Removing an entity from a collection won't delete it from the database when you save the collection. You's rather manually delete the entity. Or use a Unit Of Work object. Where you can add entities to be deleted, others to be saved and commit the UOW at the end to execute all the needed actions.

sgay
User
Posts: 53
Joined: 23-Nov-2006
# Posted on: 17-May-2007 10:22:48   

Walaa wrote:

Removing an entity from a collection won't delete it from the database when you save the collection. You's rather manually delete the entity.

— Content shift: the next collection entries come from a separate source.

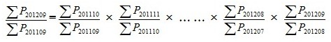 3、同比價格指數(shù)的計算方法。由于部分城市用以計算同比價格指數(shù)的基期網(wǎng)簽數(shù)據(jù)缺失,故不能計算2012年10月前各月與網(wǎng)簽數(shù)據(jù)同一口徑的同比價格指數(shù)。為保持同比價格指數(shù)計算和發(fā)布的連續(xù)性和穩(wěn)定性,滿足有關(guān)方面的需要,國家統(tǒng)計局采用有關(guān)房價統(tǒng)計數(shù)據(jù)和按網(wǎng)簽數(shù)據(jù)計算的房價數(shù)據(jù),根據(jù)同比指數(shù)和環(huán)比指數(shù)之間的數(shù)學(xué)關(guān)系,對9月份同比價格指數(shù)的計算進行了技術(shù)處理:將2011年10—12月的環(huán)比數(shù)據(jù)連乘再乘以今年1—9月的環(huán)比數(shù)據(jù)生成本月同比價格指數(shù)。以此類推可計算其他月份的同比價格指數(shù)。計算公式表示為:
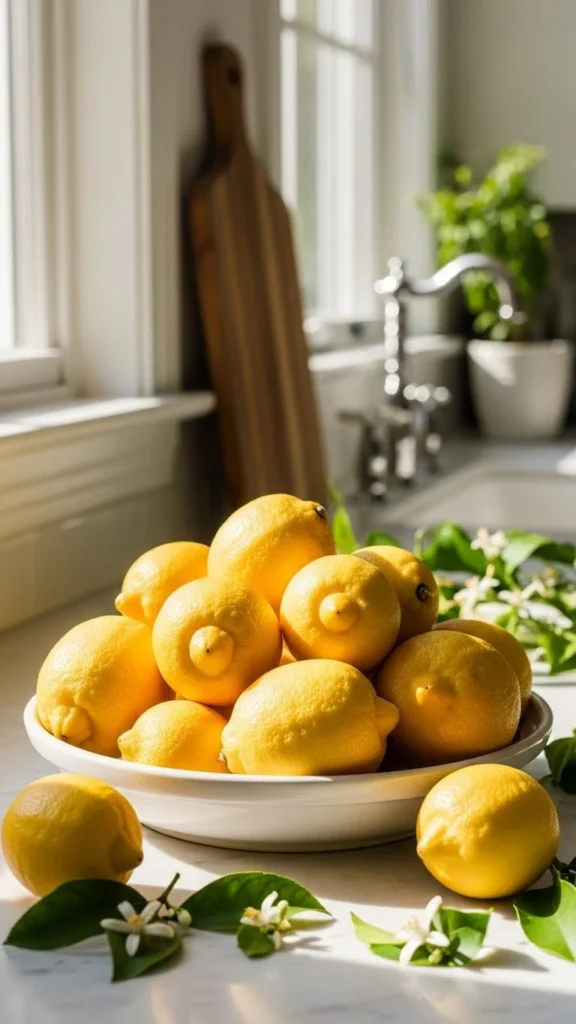 Citrus fruit adds instant color and warmth. A simple bowl of lemons or oranges makes the kitchen feel lively and inviting.
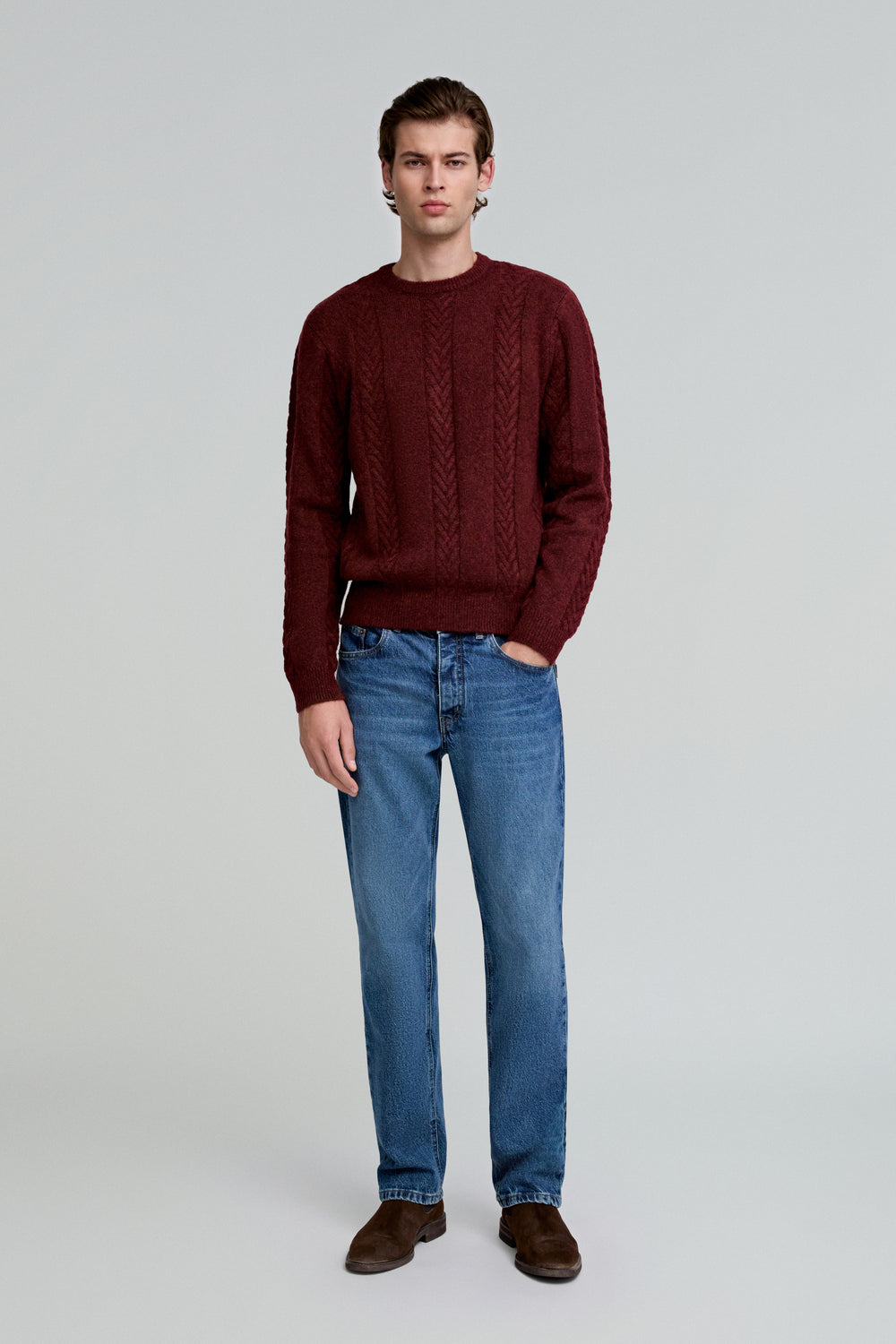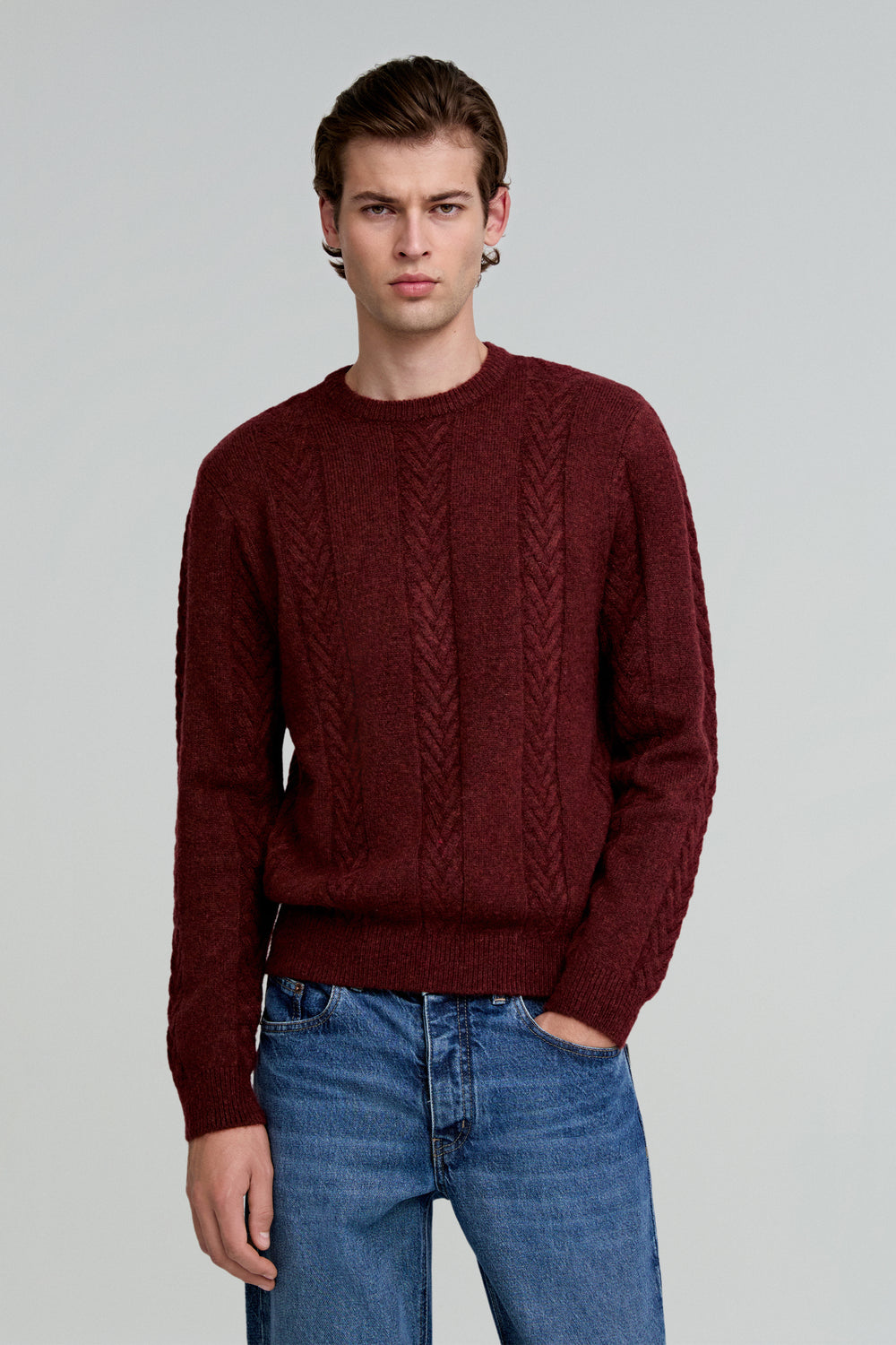 Jersey confeccionado en mezcla de alpaca. Regular fit, cuello redondo y manga larga. Detalles trenzados.
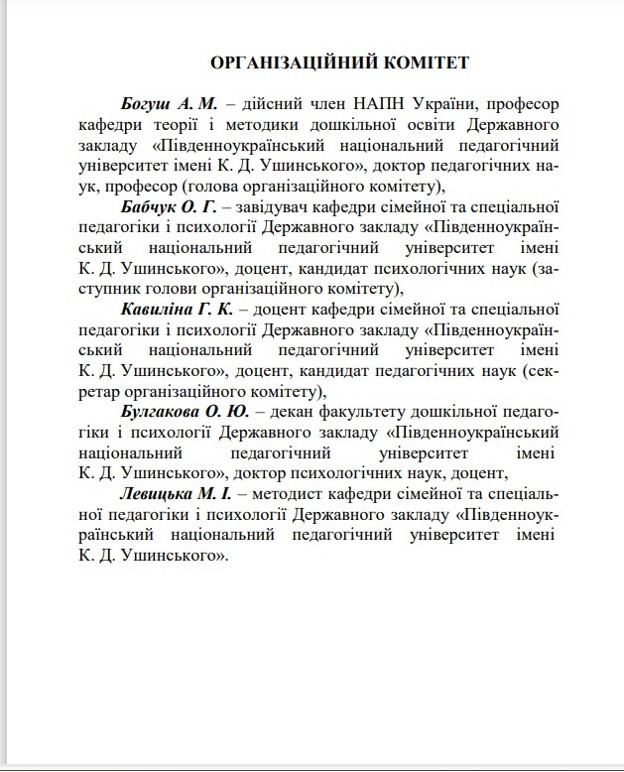 03.11.2023 року у стінах факультету дошкільної педагогіки та психології, на кафедрі сімейної та спеціальної педагогіки і психології Державного закладу «Південноукраїнський національний педагогічний університет імені К. Д. Ушинського» відбулася ІІІ-я Всеукраїнська конференція здобувачів вищої освіти і молодих учених «АКТУАЛЬНІ ПРОБЛЕМИ ДОШКІЛЬНОЇ ОСВІТИ: ТЕОРІЯ ТА ПРАКТИКА»

Mmm... so it seems that the concept behind all this is that LLBLGen does not update collections i.e. propagates changes made to the collection (including new and removed elements) to the database, but rather uses collections to identify dependent entities and individually save these entities.

Then,

order.OrderItems.Add(item); // item becomes a dependent entity and will be saved ("added"). order.OrderItems.RemoveAt(3); // removed item is not a dependent entity anymore, full stop. adapter.DeleteEntity(order.OrderItems[3]); // explicitly deletes ("removes") the item.

Correct?

To come back to my original point, which was about updating a many-to-many relation: assuming I have User -> Role (n:m via UserRole), and the UI lets me pick roles for a user by checking them in a list, and then gives me back a user ID and a list of role IDs. I would need to do something like:

void UpdateRoles(int userID, int[] roleIDs)
{
    // should really wrap this in a transaction or a UnitOfWork

    adapter.DeleteEntitiesDirectly("UserRoleEntity", 
        new RelationPredicateBucket(UserRoleFields.UserId == userID));
    foreach (int roleID in roleIDs)
    {
        UserRoleEntity e = new UserRoleEntity();
        e.UserId = userID;
        e.RoleId = roleID;
        adapter.SaveEntity(e);
    }
}

Alternatively, I'd need to implement my own mechanism to track checked and unchecked roles, so I know which UserRoleEntity entities to selectively delete.

Do I make sense?

Walaa avatar
Walaa
Support Team
Posts: 14995
Joined: 21-Aug-2005
# Posted on: 17-May-2007 10:42:45   

To come back to my original point, which was about updating a many-to-many relation: assuming I have User -> Role (n:m via UserRole), and the UI lets me pick roles for a user by checking them in a list, and then gives me back a user ID and a list of role IDs.

I'd take the first approach, delete all the entries and then add the new ones, preferably within a transaction.

And in case I have the UserRole entities to be deleted and thos to be inserted (instead of the user ID and role IDs) I'd have used a UOW.